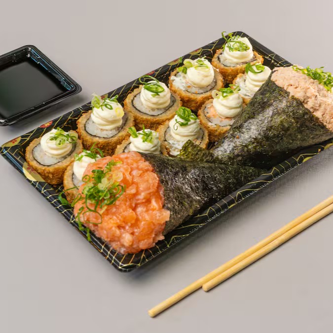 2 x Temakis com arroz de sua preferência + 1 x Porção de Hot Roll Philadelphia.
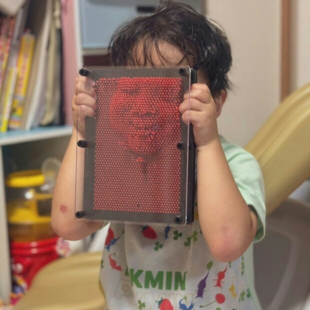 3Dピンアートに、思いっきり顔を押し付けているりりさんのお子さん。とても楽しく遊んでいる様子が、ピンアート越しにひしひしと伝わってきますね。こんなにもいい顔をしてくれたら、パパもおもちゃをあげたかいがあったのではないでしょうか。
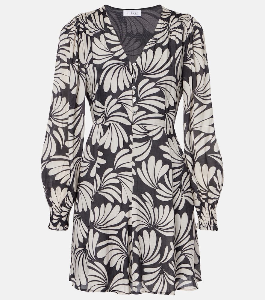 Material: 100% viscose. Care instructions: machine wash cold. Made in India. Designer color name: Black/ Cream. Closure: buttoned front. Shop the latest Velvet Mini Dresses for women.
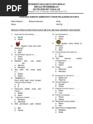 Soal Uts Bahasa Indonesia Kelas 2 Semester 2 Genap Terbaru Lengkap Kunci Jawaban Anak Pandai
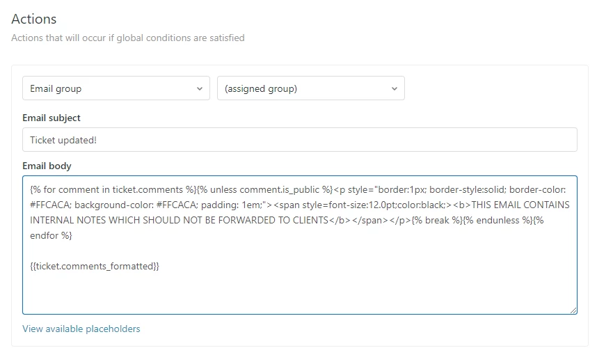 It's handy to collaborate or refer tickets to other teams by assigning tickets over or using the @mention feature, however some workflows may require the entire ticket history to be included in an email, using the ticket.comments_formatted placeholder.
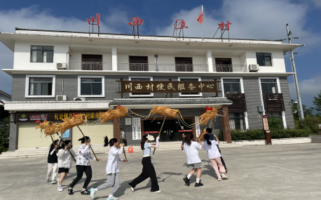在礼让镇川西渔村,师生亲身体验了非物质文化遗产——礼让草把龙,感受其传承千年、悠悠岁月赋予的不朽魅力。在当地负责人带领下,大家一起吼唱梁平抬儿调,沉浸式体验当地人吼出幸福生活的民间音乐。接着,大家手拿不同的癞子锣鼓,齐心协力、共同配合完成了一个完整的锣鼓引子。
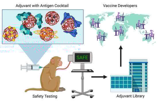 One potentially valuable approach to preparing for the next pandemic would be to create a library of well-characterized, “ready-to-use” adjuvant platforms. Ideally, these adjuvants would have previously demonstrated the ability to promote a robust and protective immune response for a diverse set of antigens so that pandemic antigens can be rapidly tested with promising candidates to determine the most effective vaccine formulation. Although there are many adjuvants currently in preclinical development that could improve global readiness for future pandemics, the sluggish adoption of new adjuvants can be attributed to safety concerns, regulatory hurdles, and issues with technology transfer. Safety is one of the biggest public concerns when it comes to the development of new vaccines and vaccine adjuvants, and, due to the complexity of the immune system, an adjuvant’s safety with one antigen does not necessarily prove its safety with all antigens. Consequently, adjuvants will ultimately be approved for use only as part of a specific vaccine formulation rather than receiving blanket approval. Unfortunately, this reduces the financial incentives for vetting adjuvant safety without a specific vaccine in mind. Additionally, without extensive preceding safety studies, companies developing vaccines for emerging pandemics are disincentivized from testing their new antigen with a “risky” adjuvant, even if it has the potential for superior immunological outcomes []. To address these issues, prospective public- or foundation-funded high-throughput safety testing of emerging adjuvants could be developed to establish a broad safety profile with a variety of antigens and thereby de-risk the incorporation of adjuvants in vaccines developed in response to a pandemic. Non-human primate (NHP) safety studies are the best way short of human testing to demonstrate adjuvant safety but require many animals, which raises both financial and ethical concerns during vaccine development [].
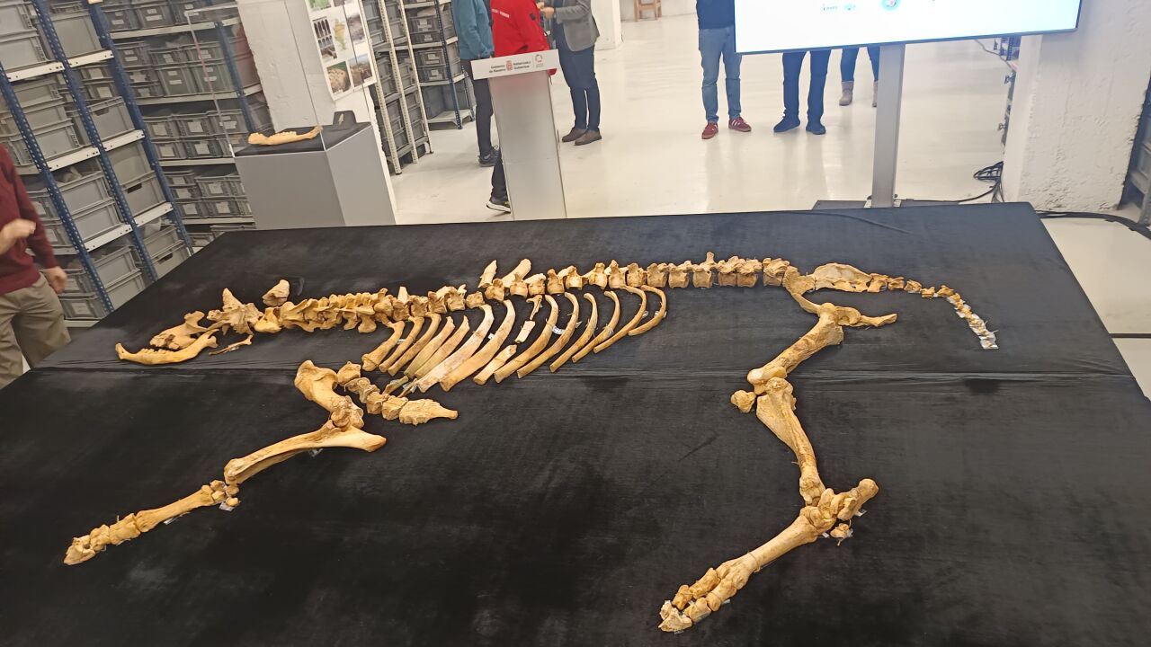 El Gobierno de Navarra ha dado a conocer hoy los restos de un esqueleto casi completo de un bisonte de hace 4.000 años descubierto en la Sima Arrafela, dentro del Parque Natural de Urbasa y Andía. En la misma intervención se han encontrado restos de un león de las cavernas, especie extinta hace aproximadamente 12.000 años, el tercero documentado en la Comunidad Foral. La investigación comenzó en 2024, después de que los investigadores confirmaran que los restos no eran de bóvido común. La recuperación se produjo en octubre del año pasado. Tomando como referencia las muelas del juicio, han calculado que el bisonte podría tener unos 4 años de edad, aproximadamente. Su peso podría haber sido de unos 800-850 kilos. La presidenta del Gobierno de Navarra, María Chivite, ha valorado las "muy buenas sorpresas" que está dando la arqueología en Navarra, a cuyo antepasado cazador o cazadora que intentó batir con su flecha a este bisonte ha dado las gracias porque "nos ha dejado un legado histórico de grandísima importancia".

---

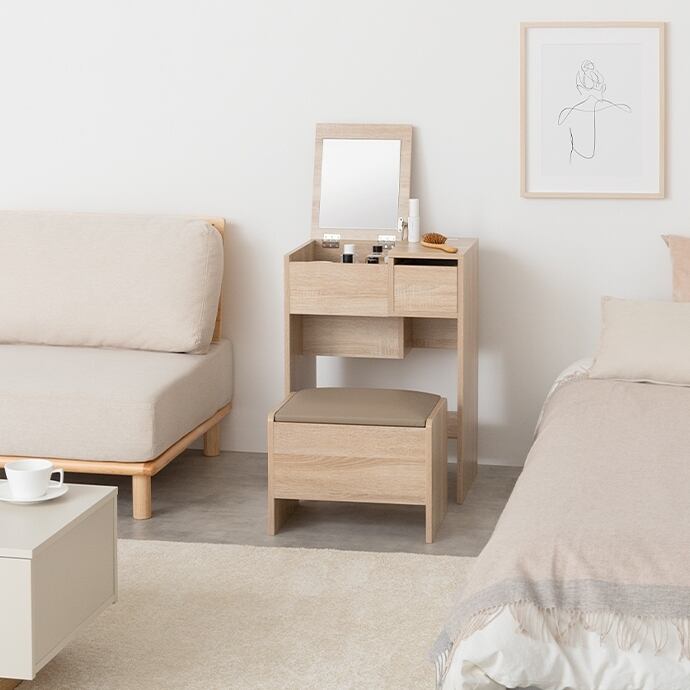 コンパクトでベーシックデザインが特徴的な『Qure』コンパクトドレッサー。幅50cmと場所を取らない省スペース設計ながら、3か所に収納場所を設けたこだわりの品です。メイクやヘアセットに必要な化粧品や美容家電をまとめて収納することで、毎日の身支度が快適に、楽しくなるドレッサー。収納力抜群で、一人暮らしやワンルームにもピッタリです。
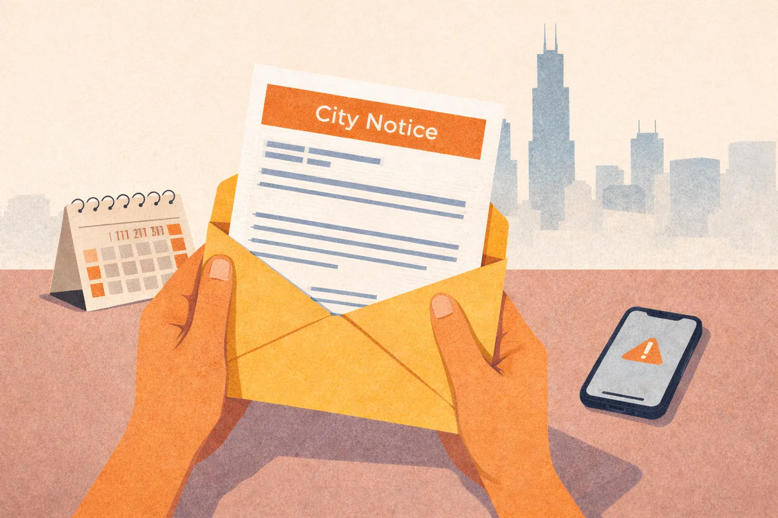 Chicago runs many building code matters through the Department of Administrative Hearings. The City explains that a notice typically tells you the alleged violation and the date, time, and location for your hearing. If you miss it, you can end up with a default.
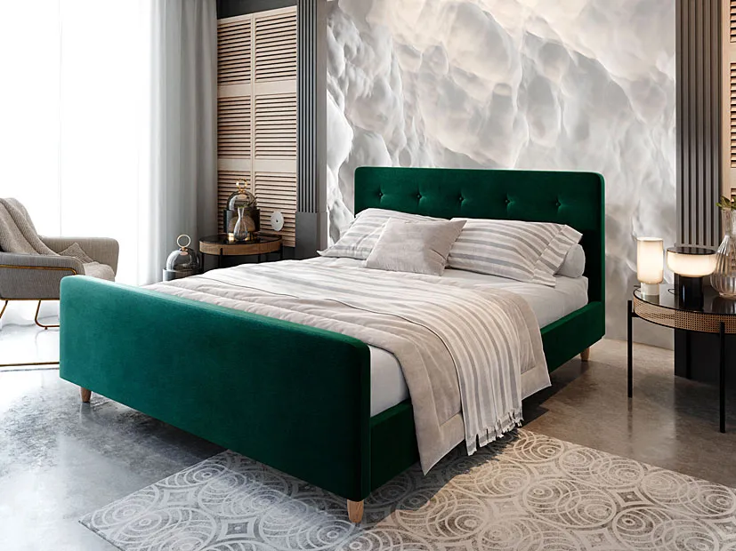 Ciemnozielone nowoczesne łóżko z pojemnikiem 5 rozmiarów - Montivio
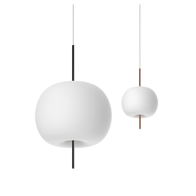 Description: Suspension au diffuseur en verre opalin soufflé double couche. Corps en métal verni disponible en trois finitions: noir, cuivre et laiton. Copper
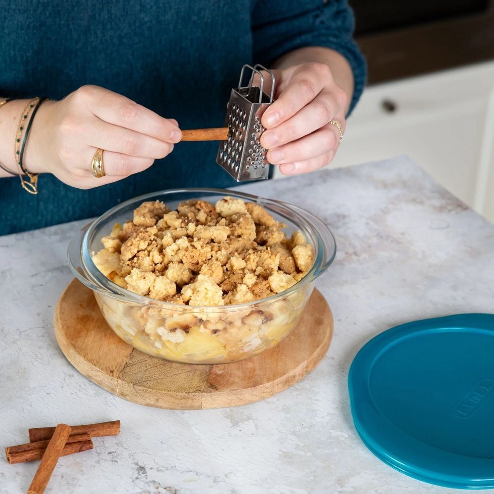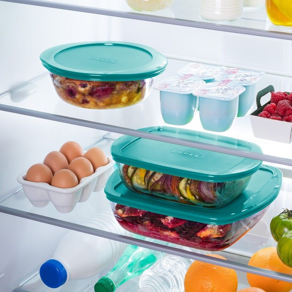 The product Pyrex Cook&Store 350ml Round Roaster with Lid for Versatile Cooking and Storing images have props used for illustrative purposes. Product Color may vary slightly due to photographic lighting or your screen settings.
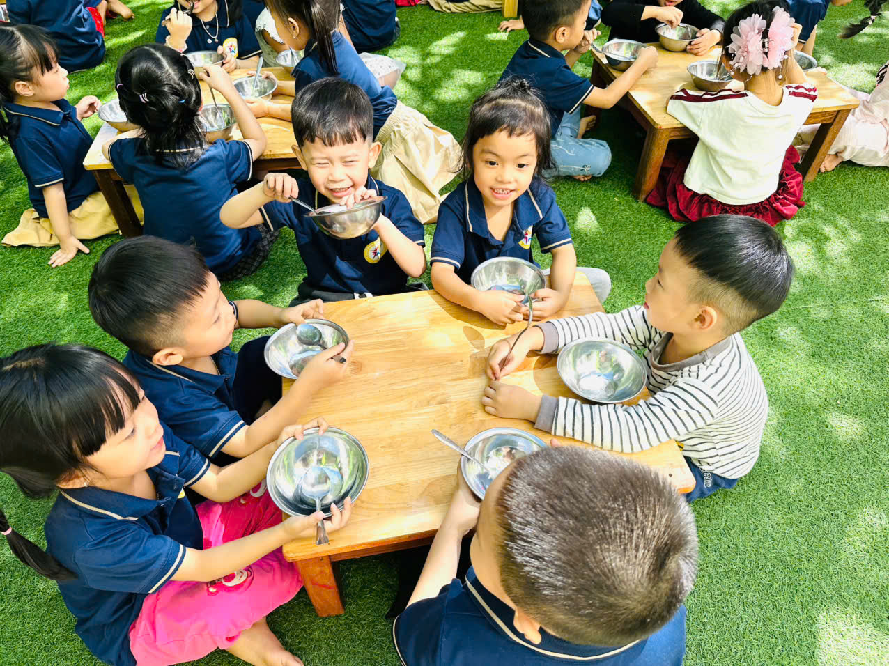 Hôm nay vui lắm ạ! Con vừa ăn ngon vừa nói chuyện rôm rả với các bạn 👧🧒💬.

* **Work request**
Given the records above, return the lines starting at the one that holds "コンパクトでベーシックデザイ" and ending at the one that holds "Ciemnozielone nowoczesne łóżko", exactly, and nothing besides; leave every picture out.

* **Reply**
 コンパクトでベーシックデザインが特徴的な『Qure』コンパクトドレッサー。幅50cmと場所を取らない省スペース設計ながら、3か所に収納場所を設けたこだわりの品です。メイクやヘアセットに必要な化粧品や美容家電をまとめて収納することで、毎日の身支度が快適に、楽しくなるドレッサー。収納力抜群で、一人暮らしやワンルームにもピッタリです。
 Chicago runs many building code matters through the Department of Administrative Hearings. The City explains that a notice typically tells you the alleged violation and the date, time, and location for your hearing. If you miss it, you can end up with a default.
 Ciemnozielone nowoczesne łóżko z pojemnikiem 5 rozmiarów - Montivio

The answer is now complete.